International Cosmetics Company Gains Visibility, Reduces Risk and Ensures Compliance with SOX
Natura Cosméticos is the largest cosmetics manufacturer and distributor in Latin America, with more than 1.5 million independent consultants and 100 million customers. Founded in 1969, the company is based in Brazil, where almost two-thirds of households buy its products. At $7.5 billion in revenues, Natura is a Forbes Global 2000 company and ranked #75 on the magazine’s most innovative companies list in 2014.
Natura has offices throughout Brazil and operations throughout Latin America and France supported by two data centers, 33 firewalls, 18 clusters and 250 switches and routers. For years, a third party managed the company’s firewall rule changes, making visibility and management challenging.
“If a change was made over the weekend, it would be difficult for us to find out what rules were changed, for what reason, who created them or why,” says Newton Rossetto, Chief Security Officer, Natura Cosméticos.
“We’d find some firewall rules in the wrong places and unused rules,” adds Rossetto, but changing them was no simple matter. “Users had to create a worksheet with their requirements for our environment and then they would be implemented by a third party. After the rule was created, we then needed to check that it was right.” Natura needed a streamlined system for making and tracking security changes that gave IT better visibility across the company’s complex security environment.
Natura recognized that it had a “really confusing change management process,” Rossetto states. The company chose the AlgoSec Security Management Solution to manage and streamline the process.

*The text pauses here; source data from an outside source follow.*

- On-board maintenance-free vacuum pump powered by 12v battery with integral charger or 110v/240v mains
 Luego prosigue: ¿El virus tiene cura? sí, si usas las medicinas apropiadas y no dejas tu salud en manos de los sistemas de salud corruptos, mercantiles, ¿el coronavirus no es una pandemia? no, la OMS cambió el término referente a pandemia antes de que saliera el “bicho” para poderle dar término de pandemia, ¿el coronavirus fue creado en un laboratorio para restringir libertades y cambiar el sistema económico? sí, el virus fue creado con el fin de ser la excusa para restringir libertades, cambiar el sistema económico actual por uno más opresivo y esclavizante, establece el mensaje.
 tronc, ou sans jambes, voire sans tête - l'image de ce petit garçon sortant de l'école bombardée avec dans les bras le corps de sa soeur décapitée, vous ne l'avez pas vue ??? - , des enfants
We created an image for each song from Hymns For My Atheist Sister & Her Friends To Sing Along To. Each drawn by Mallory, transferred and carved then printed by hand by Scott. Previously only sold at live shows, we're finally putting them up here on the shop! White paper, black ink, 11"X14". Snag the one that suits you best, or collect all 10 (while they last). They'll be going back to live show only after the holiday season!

After a “simple and quick deployment,” according to Rossetto, AlgoSec enabled Natura to quickly “consolidate security policy management for our environment.” AlgoSec provides detailed online reports for each step of the change workflow and enables Rossetto’s team to manage security policy changes for multiple security devices on one common platform.
“Now I can see all of the reports I need at any time. I can also see which rules were created and what objects are no longer needed,” says Rossetto. This visibility has allowed Natura to take a proactive role in security policy management which had been impossible when changes were previously outsourced to a third party. For a company growing at 14 percent each year, particularly one that does the majority of its sales and workforce management online, having complete visibility into the security rule-change process brings real peace of mind.

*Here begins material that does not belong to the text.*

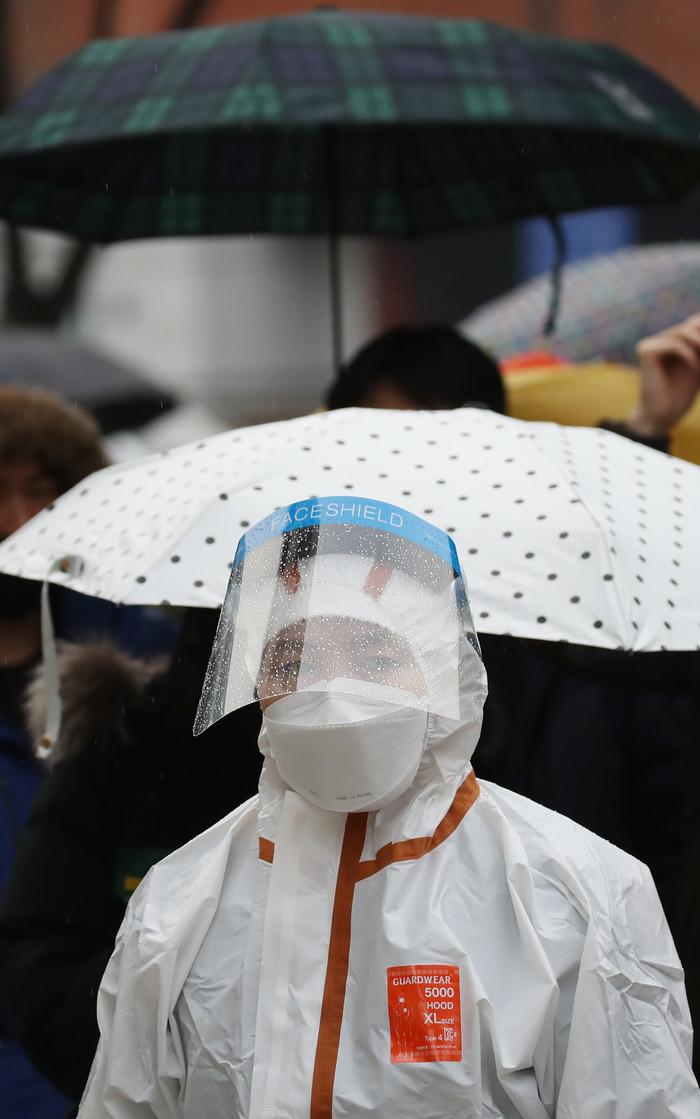국내 신종 코로나바이러스 감염증(코로나19) 신규 확진자 수가 다시 급증하면서 8천명선에 육박하고 위중증 환자도 전날보다 58명이나 늘어난 900명대 후반을 기록한 15일 오전 서울 송파구 보건소 선별진료소에서 의료진이 비를 맞고 있다.

For the Natura team, AlgoSec’s preset workflows for implementing and removing rules, changing objects and verifying rules, combined with its flexibility to accommodate the company’s specific needs, held great appeal. In addition, users liked the pre-populated request templates that saved them time compared to the old worksheets, as well as simplified communication with the security team.
“With AlgoSec, the change management process is all automatic. We can approve the changes and know we will have the right rules with the right objects,” says Rossetto.
AlgoSec also helped Natura’s security team reduce risks associated with Sarbanes-Oxley (SOX) requirements. AlgoSec evaluates every proposed change against regulatory standards, such as SOX, as well as industry best practices and corporate-specific policies. Any change found to be out of compliance is flagged before it can be implemented.
In terms of customer service, as well as implementation, Rossetto states that working with AlgoSec has “been a very good experience. We have been very well supported from negotiation through successful deployment. We are very satisfied.”